Your objective:
Write out the records in full and without alteration, setting aside their pictures.
Start of Input records
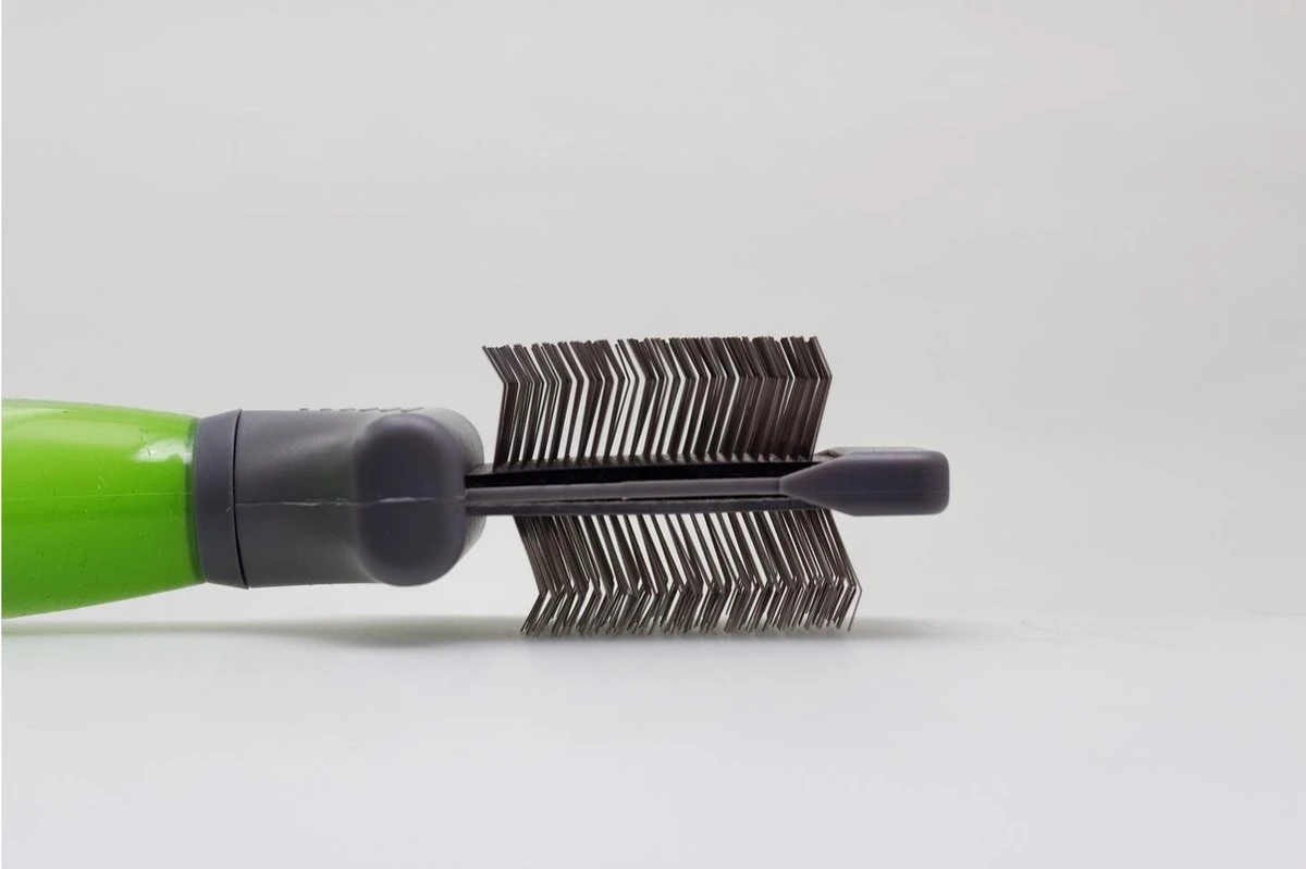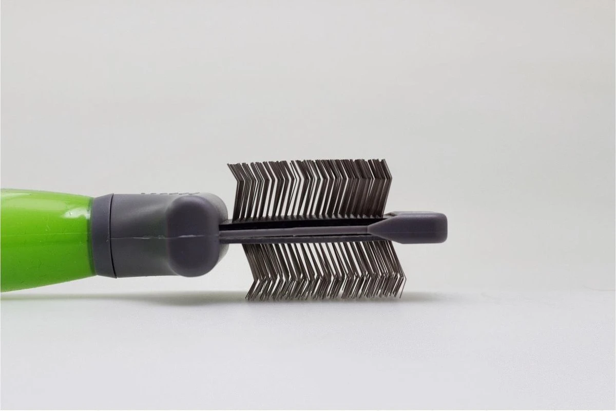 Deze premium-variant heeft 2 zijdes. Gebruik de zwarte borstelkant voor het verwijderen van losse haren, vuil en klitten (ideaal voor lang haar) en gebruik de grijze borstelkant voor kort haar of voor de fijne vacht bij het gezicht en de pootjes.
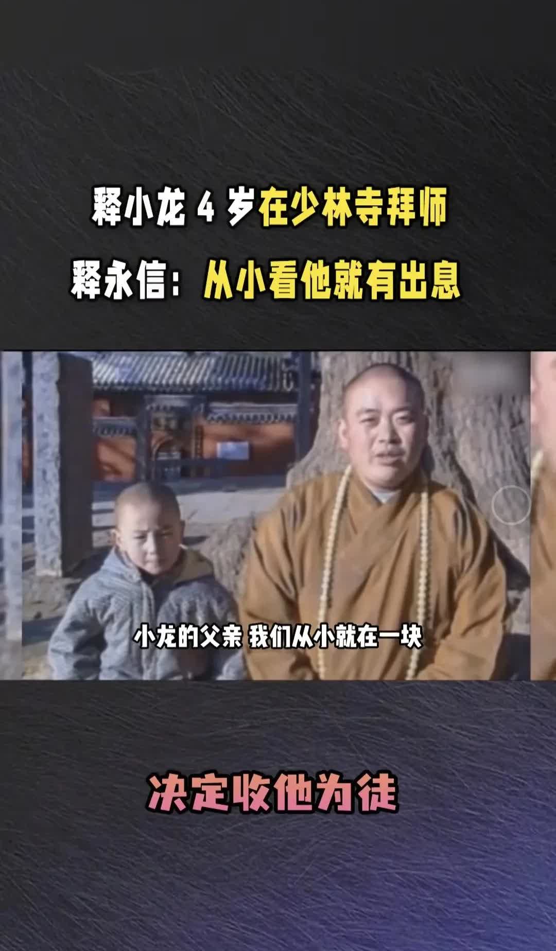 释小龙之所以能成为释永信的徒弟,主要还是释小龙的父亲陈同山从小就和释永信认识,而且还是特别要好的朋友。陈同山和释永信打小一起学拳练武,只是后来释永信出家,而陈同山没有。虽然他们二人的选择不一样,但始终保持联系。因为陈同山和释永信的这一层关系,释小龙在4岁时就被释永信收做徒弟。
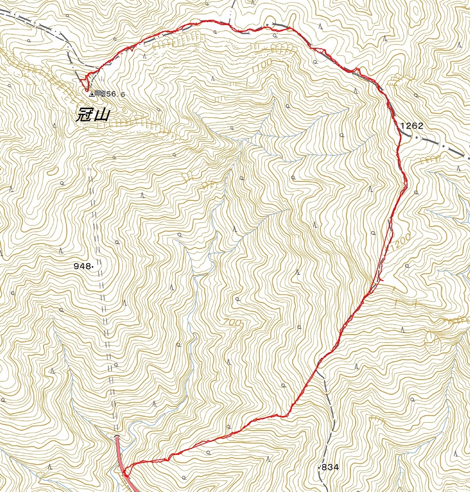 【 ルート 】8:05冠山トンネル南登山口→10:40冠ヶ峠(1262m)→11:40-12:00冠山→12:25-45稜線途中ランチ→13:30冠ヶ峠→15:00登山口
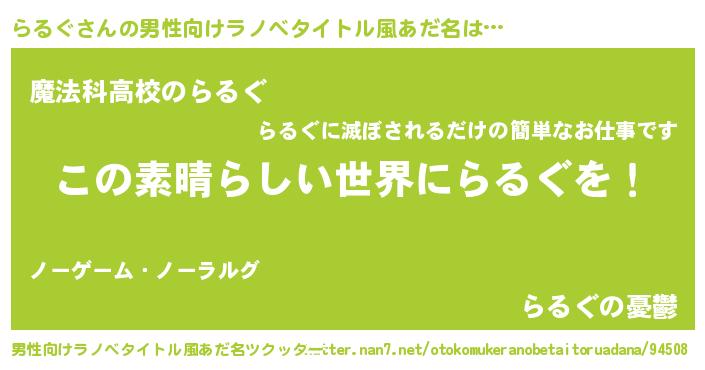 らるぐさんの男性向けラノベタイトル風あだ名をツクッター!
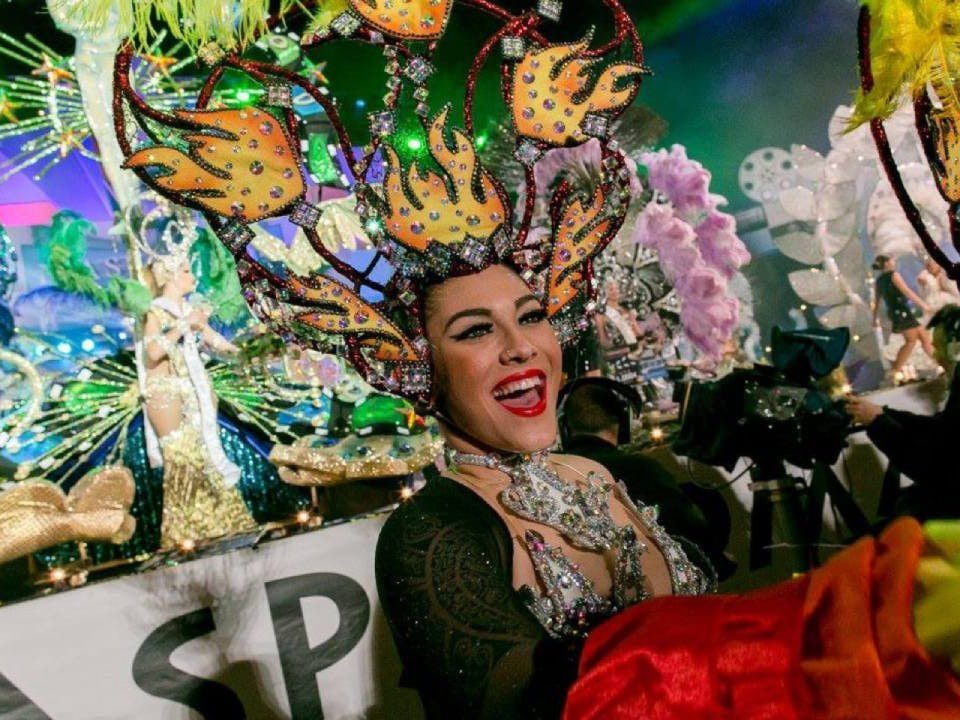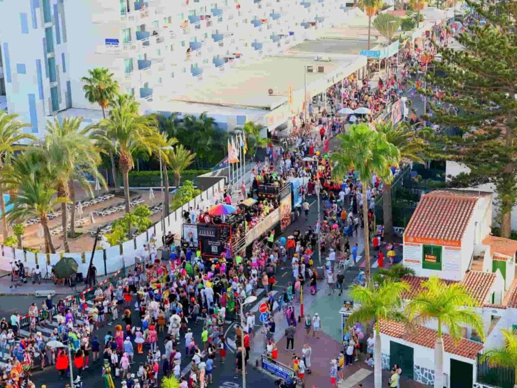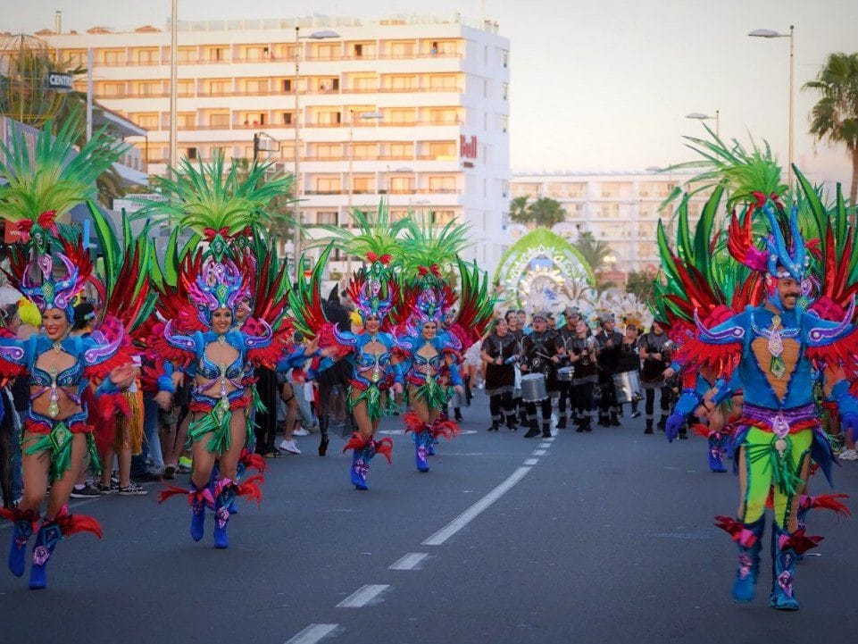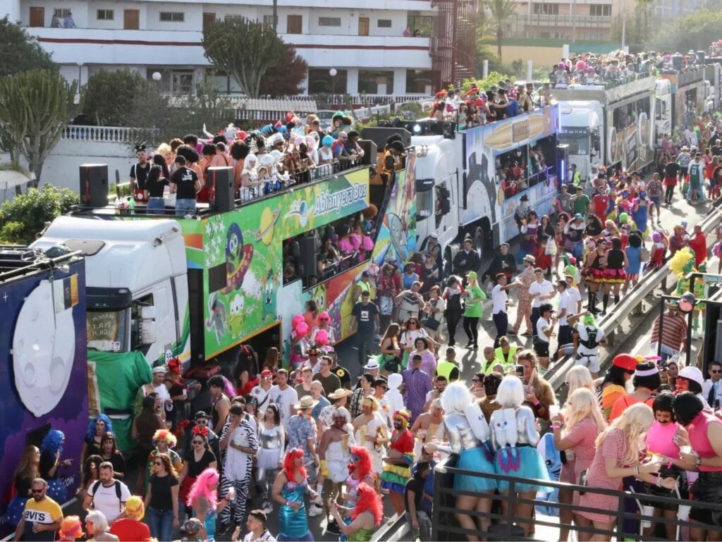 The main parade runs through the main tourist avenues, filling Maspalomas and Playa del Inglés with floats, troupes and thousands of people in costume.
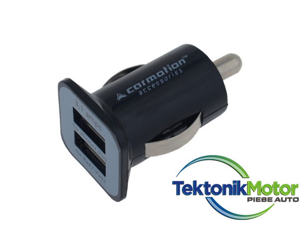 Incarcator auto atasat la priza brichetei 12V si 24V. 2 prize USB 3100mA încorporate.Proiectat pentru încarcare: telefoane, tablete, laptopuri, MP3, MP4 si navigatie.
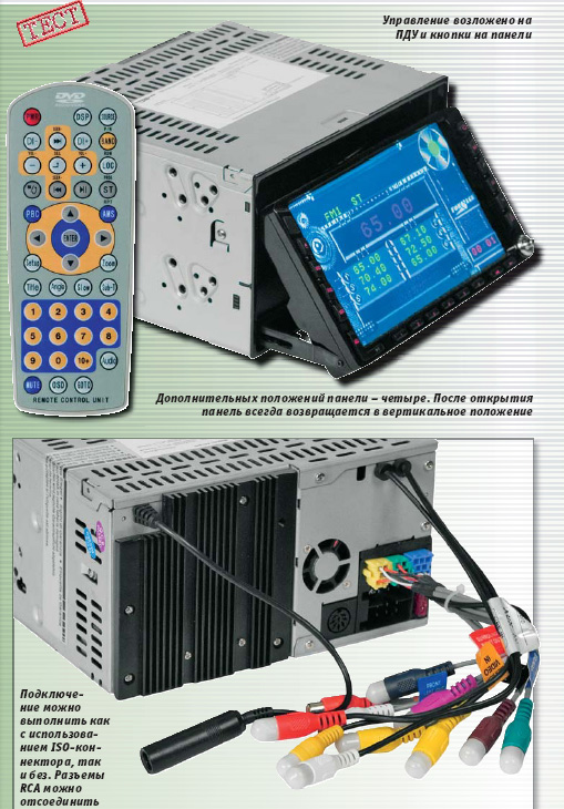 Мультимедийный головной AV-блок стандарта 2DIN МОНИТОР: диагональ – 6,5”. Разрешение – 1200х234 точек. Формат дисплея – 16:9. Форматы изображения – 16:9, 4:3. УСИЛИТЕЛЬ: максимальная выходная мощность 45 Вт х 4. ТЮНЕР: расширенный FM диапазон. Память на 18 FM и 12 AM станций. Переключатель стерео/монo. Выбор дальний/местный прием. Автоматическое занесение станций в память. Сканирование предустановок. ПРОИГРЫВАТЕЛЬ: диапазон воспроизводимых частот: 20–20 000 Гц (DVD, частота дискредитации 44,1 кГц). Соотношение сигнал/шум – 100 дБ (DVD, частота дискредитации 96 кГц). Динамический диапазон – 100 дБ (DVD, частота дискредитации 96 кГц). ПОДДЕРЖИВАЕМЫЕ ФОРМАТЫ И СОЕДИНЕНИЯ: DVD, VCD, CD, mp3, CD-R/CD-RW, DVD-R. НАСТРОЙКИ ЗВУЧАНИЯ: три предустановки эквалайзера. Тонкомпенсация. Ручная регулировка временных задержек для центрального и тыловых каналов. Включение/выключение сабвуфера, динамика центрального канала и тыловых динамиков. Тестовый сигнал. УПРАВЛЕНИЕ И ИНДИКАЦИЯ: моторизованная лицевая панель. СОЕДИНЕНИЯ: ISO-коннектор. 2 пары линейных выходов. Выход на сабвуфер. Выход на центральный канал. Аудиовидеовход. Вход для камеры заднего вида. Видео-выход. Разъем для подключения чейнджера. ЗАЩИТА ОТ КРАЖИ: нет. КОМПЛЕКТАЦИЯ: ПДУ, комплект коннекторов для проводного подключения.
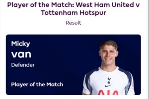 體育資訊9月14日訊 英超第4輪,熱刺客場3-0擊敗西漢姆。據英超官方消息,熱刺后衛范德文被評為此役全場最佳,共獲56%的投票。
End of Input records
Task answer:
 Deze premium-variant heeft 2 zijdes. Gebruik de zwarte borstelkant voor het verwijderen van losse haren, vuil en klitten (ideaal voor lang haar) en gebruik de grijze borstelkant voor kort haar of voor de fijne vacht bij het gezicht en de pootjes.
 释小龙之所以能成为释永信的徒弟,主要还是释小龙的父亲陈同山从小就和释永信认识,而且还是特别要好的朋友。陈同山和释永信打小一起学拳练武,只是后来释永信出家,而陈同山没有。虽然他们二人的选择不一样,但始终保持联系。因为陈同山和释永信的这一层关系,释小龙在4岁时就被释永信收做徒弟。
 【 ルート 】8:05冠山トンネル南登山口→10:40冠ヶ峠(1262m)→11:40-12:00冠山→12:25-45稜線途中ランチ→13:30冠ヶ峠→15:00登山口
 らるぐさんの男性向けラノベタイトル風あだ名をツクッター!
 The main parade runs through the main tourist avenues, filling Maspalomas and Playa del Inglés with floats, troupes and thousands of people in costume.
 Incarcator auto atasat la priza brichetei 12V si 24V. 2 prize USB 3100mA încorporate.Proiectat pentru încarcare: telefoane, tablete, laptopuri, MP3, MP4 si navigatie.
 Мультимедийный головной AV-блок стандарта 2DIN МОНИТОР: диагональ – 6,5”. Разрешение – 1200х234 точек. Формат дисплея – 16:9. Форматы изображения – 16:9, 4:3. УСИЛИТЕЛЬ: максимальная выходная мощность 45 Вт х 4. ТЮНЕР: расширенный FM диапазон. Память на 18 FM и 12 AM станций. Переключатель стерео/монo. Выбор дальний/местный прием. Автоматическое занесение станций в память. Сканирование предустановок. ПРОИГРЫВАТЕЛЬ: диапазон воспроизводимых частот: 20–20 000 Гц (DVD, частота дискредитации 44,1 кГц). Соотношение сигнал/шум – 100 дБ (DVD, частота дискредитации 96 кГц). Динамический диапазон – 100 дБ (DVD, частота дискредитации 96 кГц). ПОДДЕРЖИВАЕМЫЕ ФОРМАТЫ И СОЕДИНЕНИЯ: DVD, VCD, CD, mp3, CD-R/CD-RW, DVD-R. НАСТРОЙКИ ЗВУЧАНИЯ: три предустановки эквалайзера. Тонкомпенсация. Ручная регулировка временных задержек для центрального и тыловых каналов. Включение/выключение сабвуфера, динамика центрального канала и тыловых динамиков. Тестовый сигнал. УПРАВЛЕНИЕ И ИНДИКАЦИЯ: моторизованная лицевая панель. СОЕДИНЕНИЯ: ISO-коннектор. 2 пары линейных выходов. Выход на сабвуфер. Выход на центральный канал. Аудиовидеовход. Вход для камеры заднего вида. Видео-выход. Разъем для подключения чейнджера. ЗАЩИТА ОТ КРАЖИ: нет. КОМПЛЕКТАЦИЯ: ПДУ, комплект коннекторов для проводного подключения.
 體育資訊9月14日訊 英超第4輪,熱刺客場3-0擊敗西漢姆。據英超官方消息,熱刺后衛范德文被評為此役全場最佳,共獲56%的投票。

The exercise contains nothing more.